About this exercise: Your reply should be the entries, output word for word, with each picture omitted.

The input:
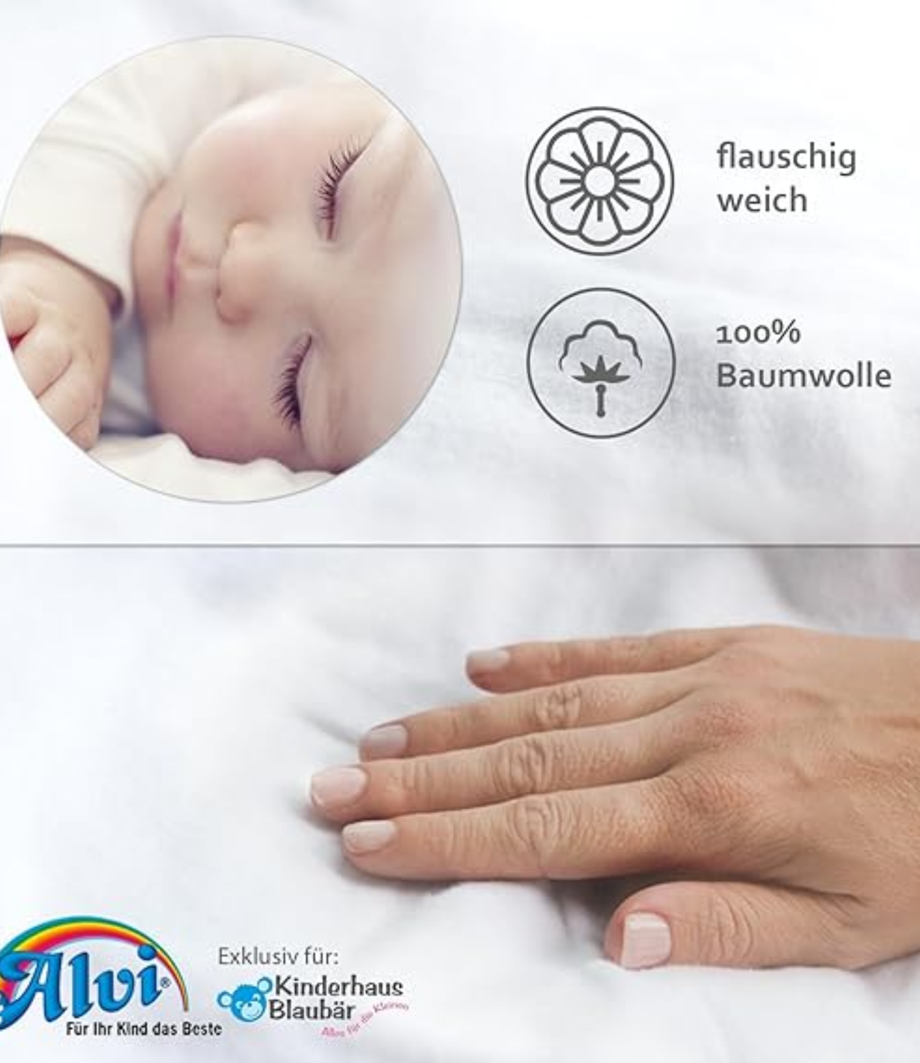 Der Thermo-Kugelschlafsack von Alvi ist außen angenehm weich und verfügt über einen extra langen Reißverschluss. Das Innenmaterial besteht aus kuschelweicher Wattevliesfüllung, die Ihrem Kind ein Gefühl von Geborgenheit gibt. Der Thermo-Kugelschlafsack ist für die kalten Tage optimal geeignet. ALVI - Der Baby-Schlafexperte Seit über 50 Jahren engagiert sich Alvi dafür, dass die Allerkleinsten die bestmögliche Schlafumgebung bekommen. Dafür entwickelt Alvi innovative Matratzenkerne, hochfunktionale Bezüge und unvergleichliche Schlafsäcke. Produkte von Alvi bieten ein optimales Schlafvergnügen von Anfang an. Der Alvi Schlafsack Mäxchen Thermo ist ein kuscheliger Ganzjahres-Schlafsack. Er garantiert Ihrem kleinen Liebling sowohl im Sommer als auch im Winter einen sicheren und wohlbehüteten Schlaf. Der Schlafsack Mäxchen Thermo aus kuscheligem Baumwoll-Jersey wärmt optimal und bietet viel Strampelfreiheit. Die breite Größenspanne bietet Babys und auch größeren Kindern diesen nächtlichen Wärmeschutz. Durch den mittigen Komfort-Sicherheits-Reißverschluss lässt er sich einfach öffnen. Der Schlafsack kann für eine optimale Hygiene bei bis zu 60° Celsius gewaschen werden. Der Trikotschlafsack besteht zu 100 Prozent aus gekämmter Baumwolle.
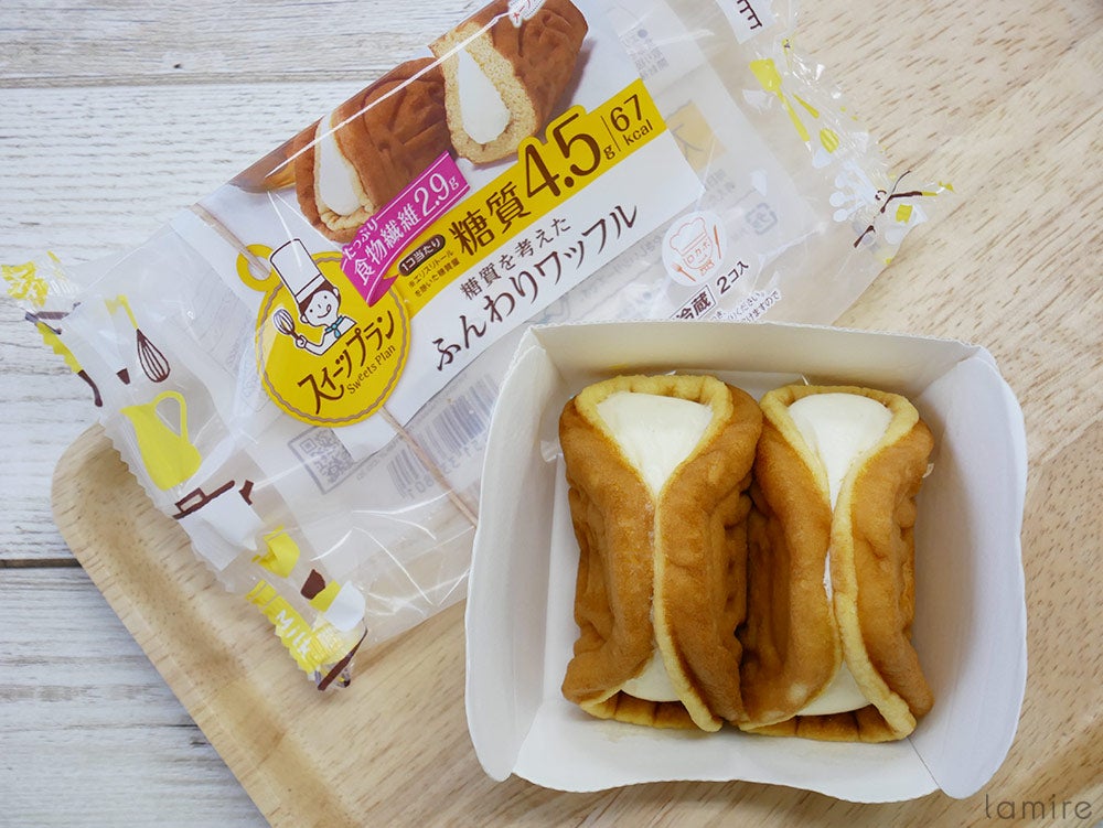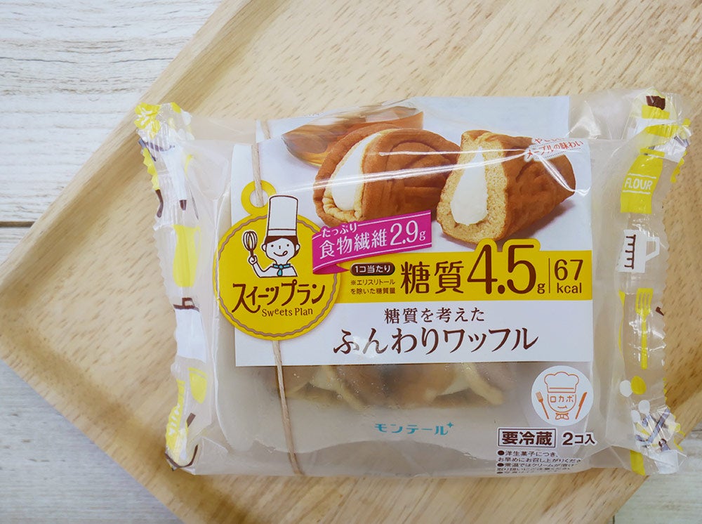 これは私のイチオシ!「糖質を考えたふんわりワッフル」です!一袋2個入りで、1個あたりの糖質は4.5g、カロリーは67kcalで、一袋食べてもわずか135kcal!
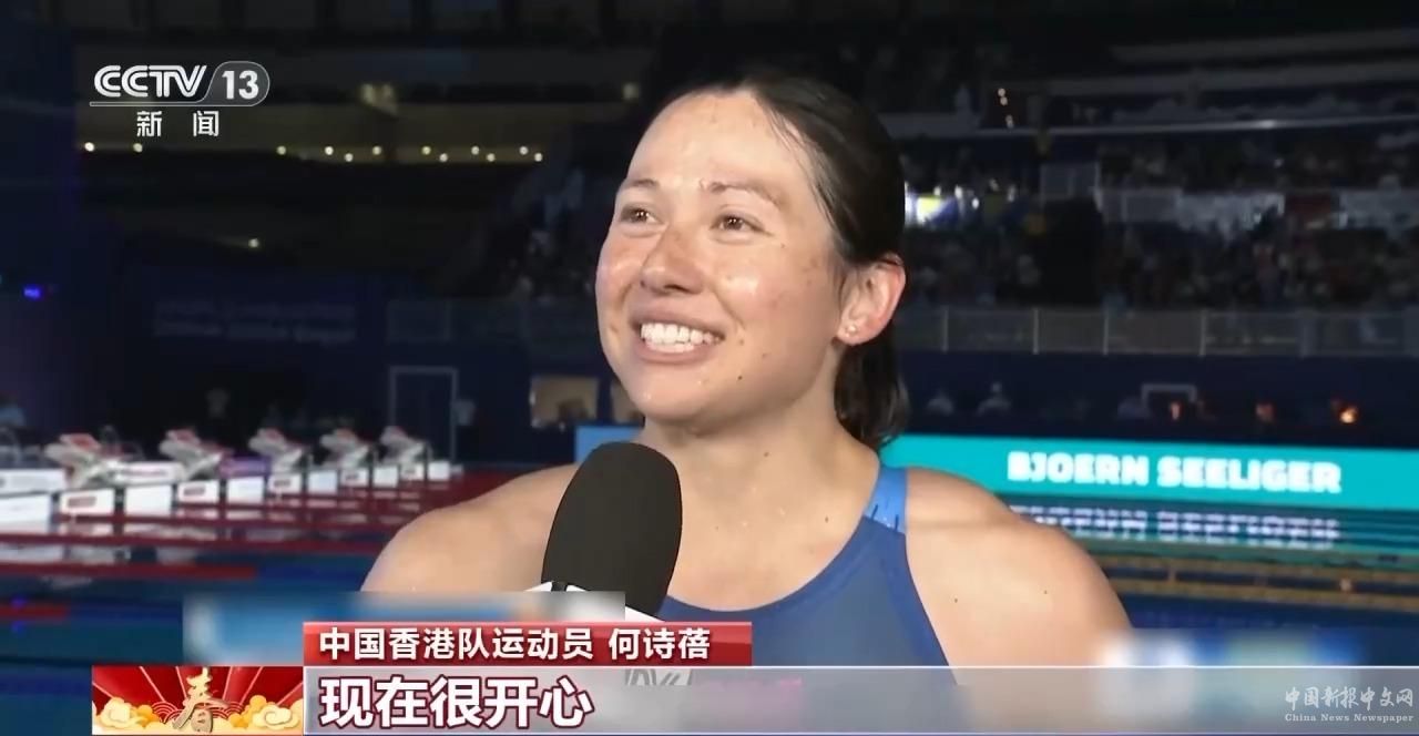 中國香港隊運動員 何詩蓓:現(xiàn)在很開心,因為這是我第一個長池的(世錦賽)冠軍,所以我很開心。雖然時間不是特別快,但是為中國香港拿到這面金牌是一件很值得慶祝的事。
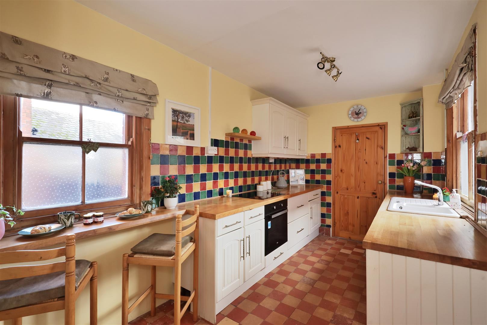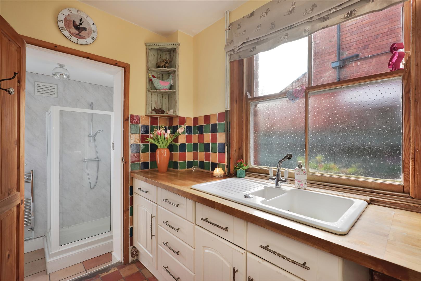 A doorway then leads to the well-equipped kitchen/breakfast room, which has sash windows on two sides, wooden working surfaces, an inset single drainer sink, built in Beko oven with induction hob above and floor and wall cupboards. A door then leads through to a very useful shower room with double shower cubicle, WC, ladder radiator, wall mounted Logic gas fired central heating boiler, windows on two sides and built in cupboards. There is then a rear porch with double glazed sliding door to gardens and emergency access from the cellar.
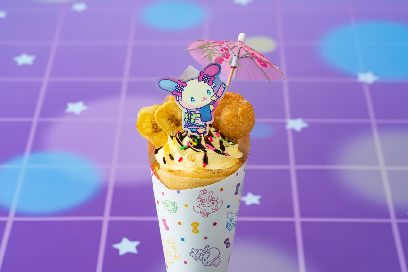 ナツマツリの定番であるチョコバナナ風な⾒た目の「ポムポムプリンの屋台の定番♪チョコバナナ風ミルクドリンク」など、様々なヤタイ風グルメが登場。
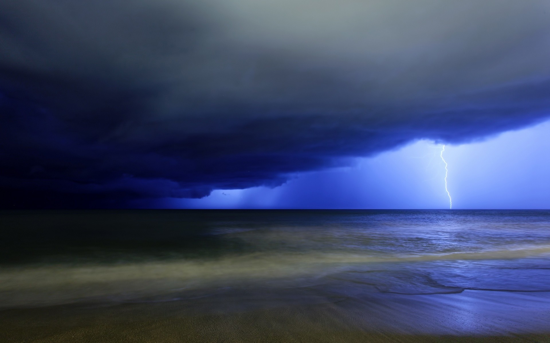 Oceano sotto il cielo tempestoso di notte
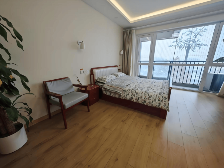 公寓采用“一核两翼三区”立体化布局,总建筑面积近10万平方米,规划床位1500张,涵盖单人间、双人间、家庭套房及VIP护理单元。活力颐养区单人间面积30-40㎡,配备独立卫浴、智能马桶及床头紧急呼叫系统;双人间采用L型隐私隔断设计,面积50-60㎡,共享客厅与阳台;130㎡豪华套间配置独立客厅、高端适老家电与观景阳台,支持个性化软装定制。失能照护区配备双护理床联动系统、医用级制氧机,医护配比达1:3;认知症专区创新还原老北京胡同场景,打造怀旧杂货铺、时光邮局等沉浸式空间,通过怀旧疗法延缓认知衰退。公共活动区与生态景观无缝衔接,设5000㎡“睿邻中心”,涵盖影音室、书画坊、康复大厅及室内恒温泳池,满足多样化休闲需求。
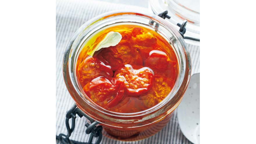 2の粗熱が取れたら、清潔な保存容器に入れる。ミニトマトがかぶるくらいまで、オリーブ油とサラダ油を同量ずつ注ぎ、ローリエを加える。すぐに食べられる。
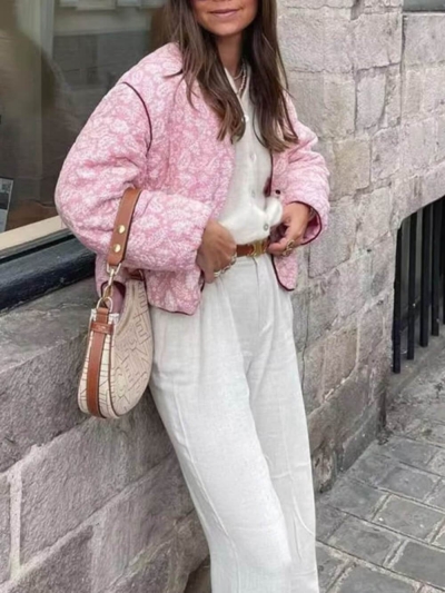 Unique Quilted Pink Flower Pocket Jacket
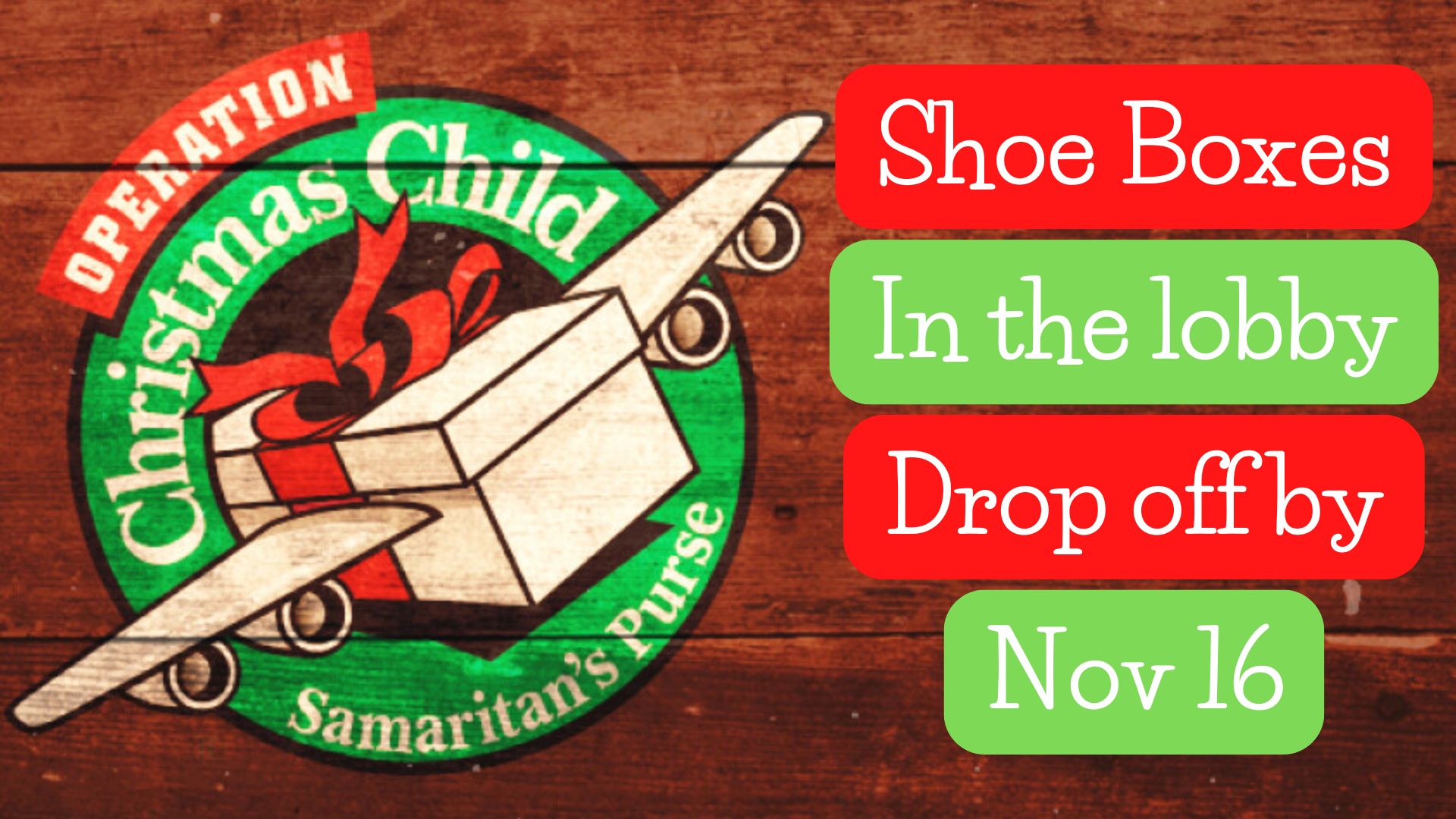 We are super excited to support Operation Christmas Child again this year by helping fill shoe boxes to bless kids this Christmas with gifts and encouragement. Shoe boxes are in the foyer. Please take one, fill it, and bring it back to the Church by Sunday, Nov 16.

Completed exercise:
 Der Thermo-Kugelschlafsack von Alvi ist außen angenehm weich und verfügt über einen extra langen Reißverschluss. Das Innenmaterial besteht aus kuschelweicher Wattevliesfüllung, die Ihrem Kind ein Gefühl von Geborgenheit gibt. Der Thermo-Kugelschlafsack ist für die kalten Tage optimal geeignet. ALVI - Der Baby-Schlafexperte Seit über 50 Jahren engagiert sich Alvi dafür, dass die Allerkleinsten die bestmögliche Schlafumgebung bekommen. Dafür entwickelt Alvi innovative Matratzenkerne, hochfunktionale Bezüge und unvergleichliche Schlafsäcke. Produkte von Alvi bieten ein optimales Schlafvergnügen von Anfang an. Der Alvi Schlafsack Mäxchen Thermo ist ein kuscheliger Ganzjahres-Schlafsack. Er garantiert Ihrem kleinen Liebling sowohl im Sommer als auch im Winter einen sicheren und wohlbehüteten Schlaf. Der Schlafsack Mäxchen Thermo aus kuscheligem Baumwoll-Jersey wärmt optimal und bietet viel Strampelfreiheit. Die breite Größenspanne bietet Babys und auch größeren Kindern diesen nächtlichen Wärmeschutz. Durch den mittigen Komfort-Sicherheits-Reißverschluss lässt er sich einfach öffnen. Der Schlafsack kann für eine optimale Hygiene bei bis zu 60° Celsius gewaschen werden. Der Trikotschlafsack besteht zu 100 Prozent aus gekämmter Baumwolle.
 これは私のイチオシ!「糖質を考えたふんわりワッフル」です!一袋2個入りで、1個あたりの糖質は4.5g、カロリーは67kcalで、一袋食べてもわずか135kcal!
 中國香港隊運動員 何詩蓓:現(xiàn)在很開心,因為這是我第一個長池的(世錦賽)冠軍,所以我很開心。雖然時間不是特別快,但是為中國香港拿到這面金牌是一件很值得慶祝的事。
 A doorway then leads to the well-equipped kitchen/breakfast room, which has sash windows on two sides, wooden working surfaces, an inset single drainer sink, built in Beko oven with induction hob above and floor and wall cupboards. A door then leads through to a very useful shower room with double shower cubicle, WC, ladder radiator, wall mounted Logic gas fired central heating boiler, windows on two sides and built in cupboards. There is then a rear porch with double glazed sliding door to gardens and emergency access from the cellar.
 ナツマツリの定番であるチョコバナナ風な⾒た目の「ポムポムプリンの屋台の定番♪チョコバナナ風ミルクドリンク」など、様々なヤタイ風グルメが登場。
 Oceano sotto il cielo tempestoso di notte
 公寓采用“一核两翼三区”立体化布局,总建筑面积近10万平方米,规划床位1500张,涵盖单人间、双人间、家庭套房及VIP护理单元。活力颐养区单人间面积30-40㎡,配备独立卫浴、智能马桶及床头紧急呼叫系统;双人间采用L型隐私隔断设计,面积50-60㎡,共享客厅与阳台;130㎡豪华套间配置独立客厅、高端适老家电与观景阳台,支持个性化软装定制。失能照护区配备双护理床联动系统、医用级制氧机,医护配比达1:3;认知症专区创新还原老北京胡同场景,打造怀旧杂货铺、时光邮局等沉浸式空间,通过怀旧疗法延缓认知衰退。公共活动区与生态景观无缝衔接,设5000㎡“睿邻中心”,涵盖影音室、书画坊、康复大厅及室内恒温泳池,满足多样化休闲需求。
 2の粗熱が取れたら、清潔な保存容器に入れる。ミニトマトがかぶるくらいまで、オリーブ油とサラダ油を同量ずつ注ぎ、ローリエを加える。すぐに食べられる。
 Unique Quilted Pink Flower Pocket Jacket
 We are super excited to support Operation Christmas Child again this year by helping fill shoe boxes to bless kids this Christmas with gifts and encouragement. Shoe boxes are in the foyer. Please take one, fill it, and bring it back to the Church by Sunday, Nov 16.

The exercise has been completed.